Farmers and their representatives feel let down by the Competition and Consumer Protection Commission (CCPC) investigation of approximately 200 complaints against meat factories over the past year. The complaints are grouped under five headings: factories operating a cartel to buy cattle, criteria for specification bonuses, imports, role of feedlots and monopoly in offal processing.

An eight-page letter was sent by the CCPC to the complainants late last week. This followed the IFA sending a solicitor’s letter to the CPCC challenging the organisation’s failure to respond.

The CCPC letter addressed the main issues of complaint in some detail and in some of the cases such as imports, provided a clear explanation on why they wouldn’t pursue.

Nature of investigation

The cartel allegation is a long-running sore, and one that Jim Power in his report for the IFA said should be investigated by the CCPC to deal with the issue once and for all. The CCPC said it needs to have “tangible proof, such as written agreements between competitors to fix prices to show that a cartel exists”.

Factory-owned feedlots do provide a buffer supply of stock, allowing them either stop or ease back on buying farmer-supplied cattle

It would be extremely naïve to think that if a group of businesses were operating as a cartel they would have a file ready for inspection neatly named “cartel agreement”. The CCPC is on more secure ground when it says similarity of quotes doesn’t in itself mean a cartel and the issue of specification bonuses is also open to debate.

Similarly, factory-owned feedlots do provide a buffer supply of stock, allowing them either stop or ease back on buying farmer-supplied cattle. This would reduce open market demand but the scale of factory feedlot ownership is still low enough for this effect to be temporary. Similarly, the offal trade is very much based on legislation and changing this is within the control of Government.

What was required?

The CCPC response is unsatisfactory for farmers because a full investigation wasn’t undertaken on the cartel allegation. The reasons for not doing so set out in the letter are all long in the public domain and hadn’t satisfied farmers before, and restating them wasn’t going to now.

It would have been so much better if a full investigation had been undertaken to address the cartel issue once and for all

There is also the possibility that if a full investigation had been undertaken, no evidence of a cartel might have been found. Returning to the Power report, it would have been so much better if a full investigation had been undertaken to address the cartel issue once and for all.

Wider problem

That the CCPC were called on to investigate is in itself evidence of a problem in the lack of confidence many farmers have in the Irish meat processing industry. We have arrived at a point where three large, privately owned companies control almost three-quarters of the Irish cattle kill. We have scant information on the finances and margins of these companies that dominate Irish beef and sheep processing.

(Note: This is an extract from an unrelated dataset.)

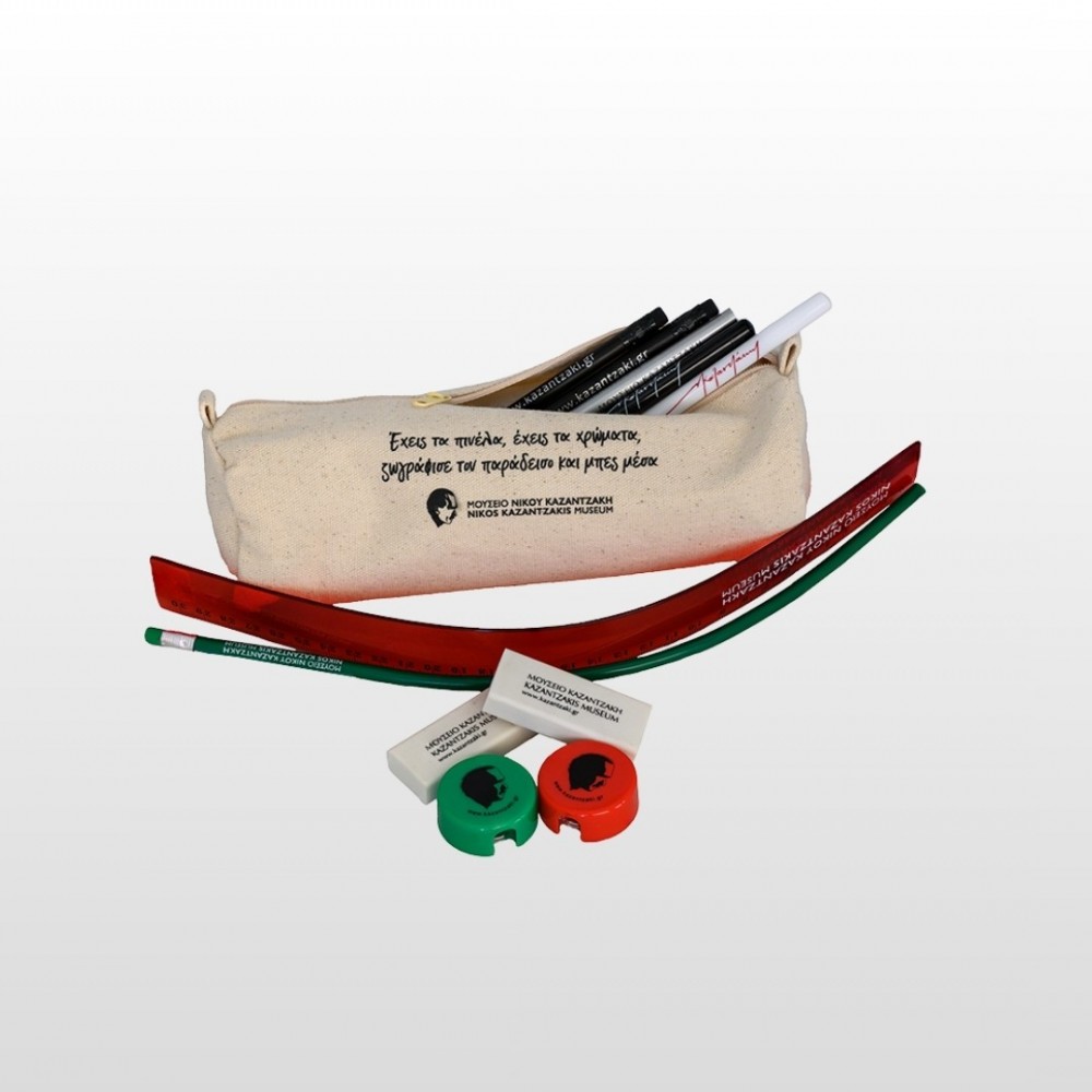 Κασετίνα βαρελάκι με φερμουάρ και χαρακτηριστική φράση από το έργο του Νίκου Καζαντζάκη..

Farmers believe these companies earn huge margins from the livestock they supply, and in the absence of financial information there is little to rebut this in the case of the ABP, Dawn and Kepak groups.

Solution

The problem between Irish farmers and factories is one of trust and irrespective of the findings of any CCPC investigation, trust is something that has to be built between factory and farmer. The basis for trust is the concept of fairness that farmers can believe that whatever the price being paid, it is fair.

That has not been the case in the beef industry, where transparency basically ends when the farmer drops his animal off at the factory lairage

That doesn’t exist in the beef sector whereas in dairy with the co-op structure and greater transparency on publication of financial information, there is a belief that in general fairness is achieved in farmgate prices.

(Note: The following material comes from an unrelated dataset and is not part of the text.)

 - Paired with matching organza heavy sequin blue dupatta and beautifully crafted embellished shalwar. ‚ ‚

That has not been the case in the beef industry, where transparency basically ends when the farmer drops his animal off at the factory lairage.

Bord Bia has introduced a beef price index and a composite price calculation but we are far from where the industry in the US is, with wholesale beef prices published daily as well as stocks and sales records. Their major processors publish annual accounts which show healthy margins, but the system creates a level of trust that is absent in Ireland.